We are encouraging joint ventures or partnerships between international and local institutions, which will help our local companies grow.

We have talked about prioritising private equity and venture capital, which will go into areas such as PPPs and benefit us by reducing government expenditure and crowding in private sector investors who will develop infrastructure and create jobs for Kenyans.

When you bring in companies to operate here, you also create a demand for local services that will allow local businesses to participate and flourish. It is about growing the size of the cake, rather than just trying to ring-fence a sector for others.
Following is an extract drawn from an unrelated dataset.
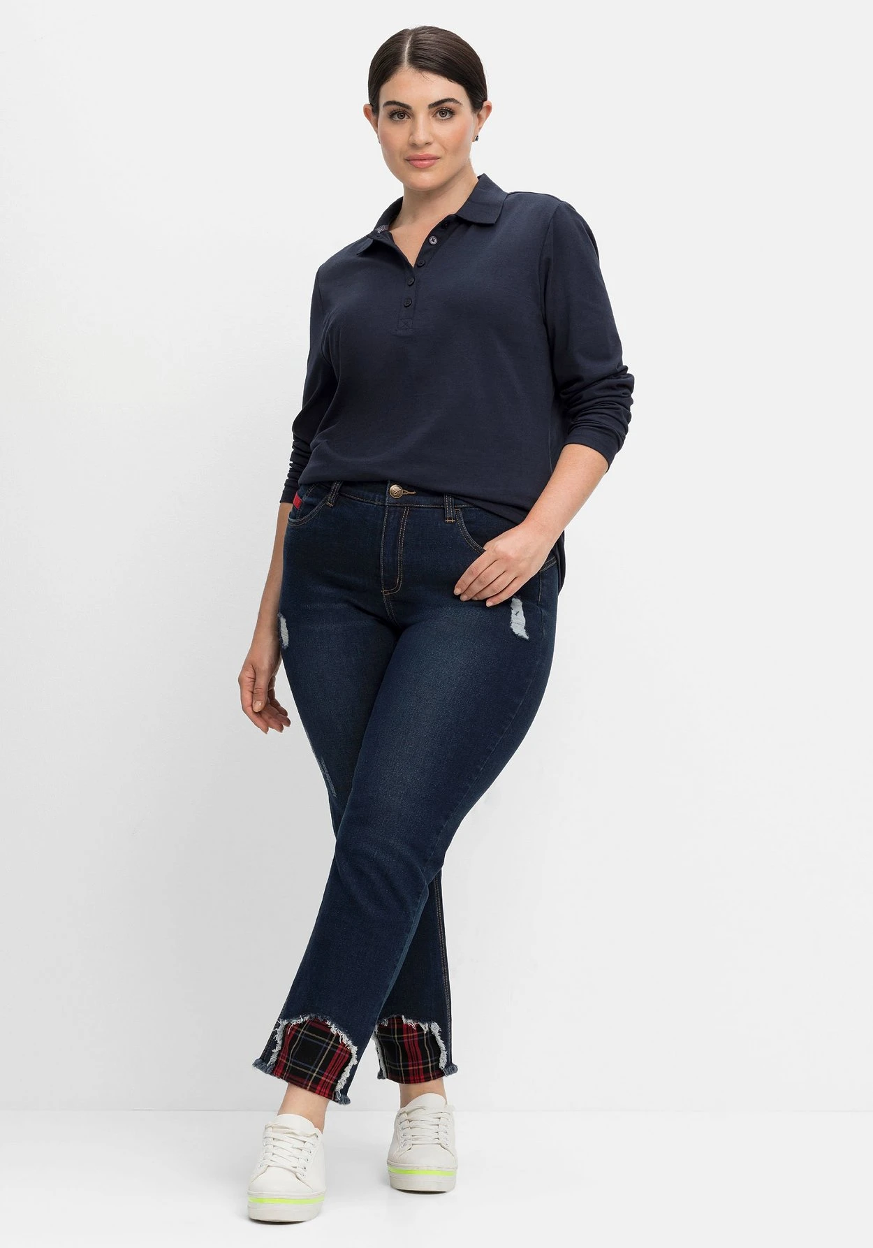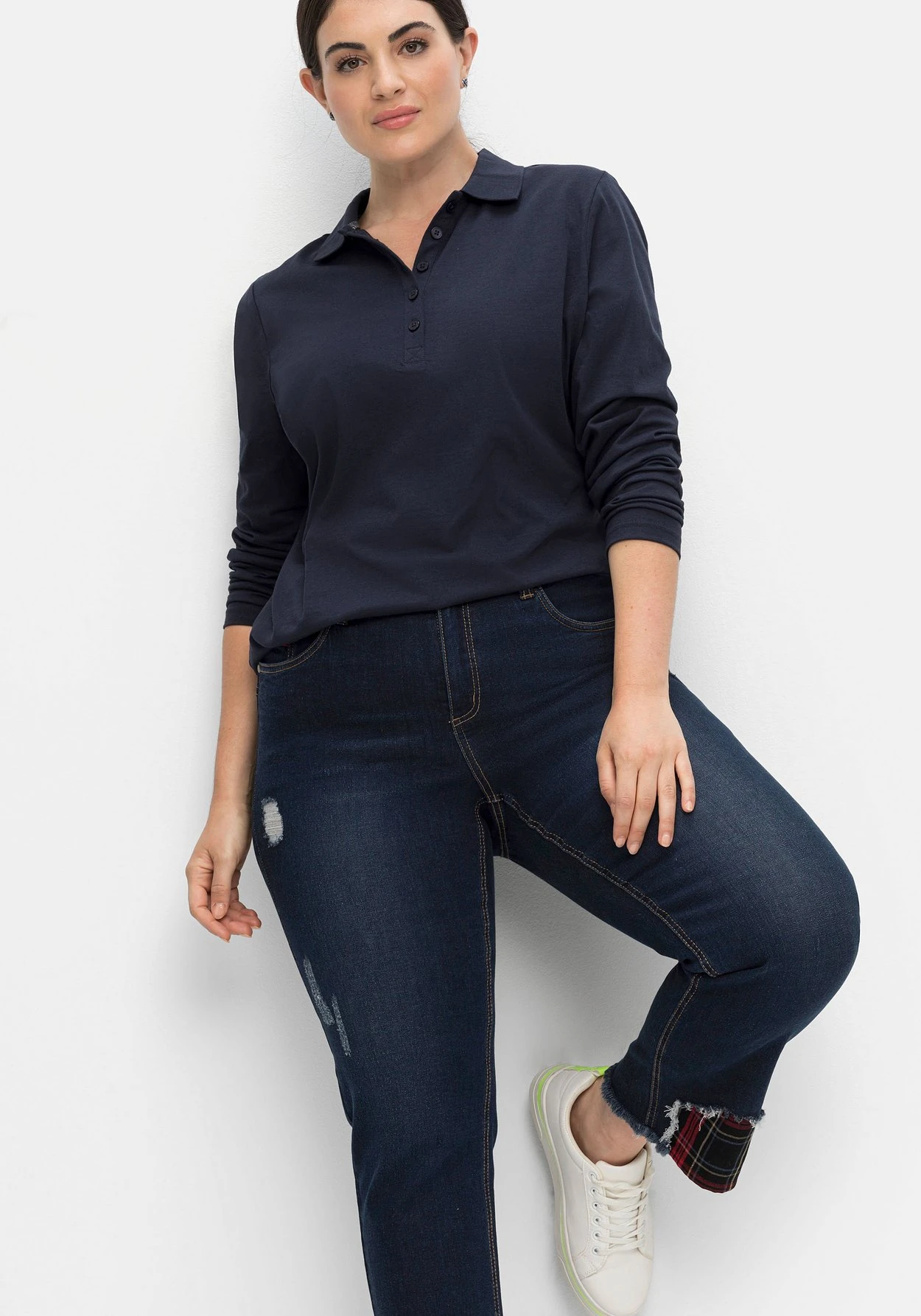 Die Qualität ist aus zertifizierter recycelter Baumwolle und zertifiziertem recyceltem Polyester gearbeitet. sheego cares!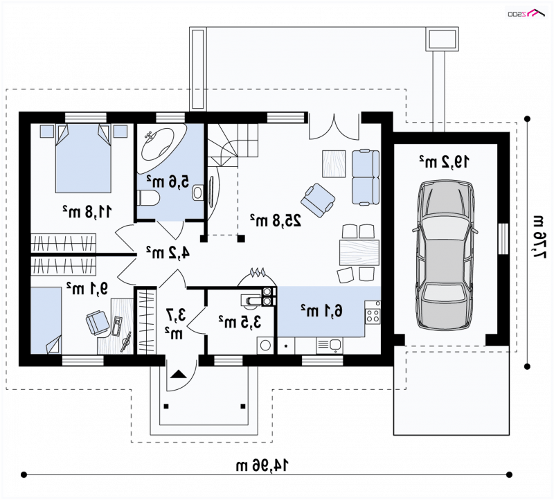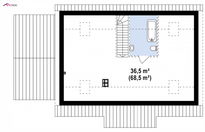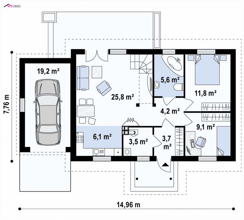 Z12 GL to zgrabny dom parterowy z opcją zagospodarowania poddasza. Prosta bryła oraz możliwością etapowania inwestycji czynią go tanią i ekonomiczną inwestycją. Konstrukcja oparta na ścianach zewnętrznych pozwala na dowolne kształtowanie wnętrza ściankami działowymi.

You can have local protection while opening up the space to international players, and that is the goal.

WE DON’T HAVE A VERY DEEP FOREX MARKET BY INTERNATIONAL STANDARDS, AND THEREFORE THE CENTRE MIGHT EXERT FOREIGN CURRENCY PRESSURE ON THE COUNTRY. HAVE YOU HAD TALKS WITH CBK ON HOW THE NIFC WILL AFFECT THE FOREIGN EXCHANGE MARKET?

We haven’t had discussions with the CBK on that. But we know that the CBK has been exploring ways on how we can expand our forex market, for instance, considering allowing the China Renminbi as a trading currency.

This would mirror the many centres that have Renminbi centres where they are able to sign swap agreements as central banks and make transactions between local or regional jurisdictions and China easier.

However, local currency transactions are also important, and we would like to encourage them in the NIFC.

We have to look, however, at what extent is it going to be an impediment for the growth of Nairobi as a true financial centre and what allowance can be given to firms to do transactions in foreign currency.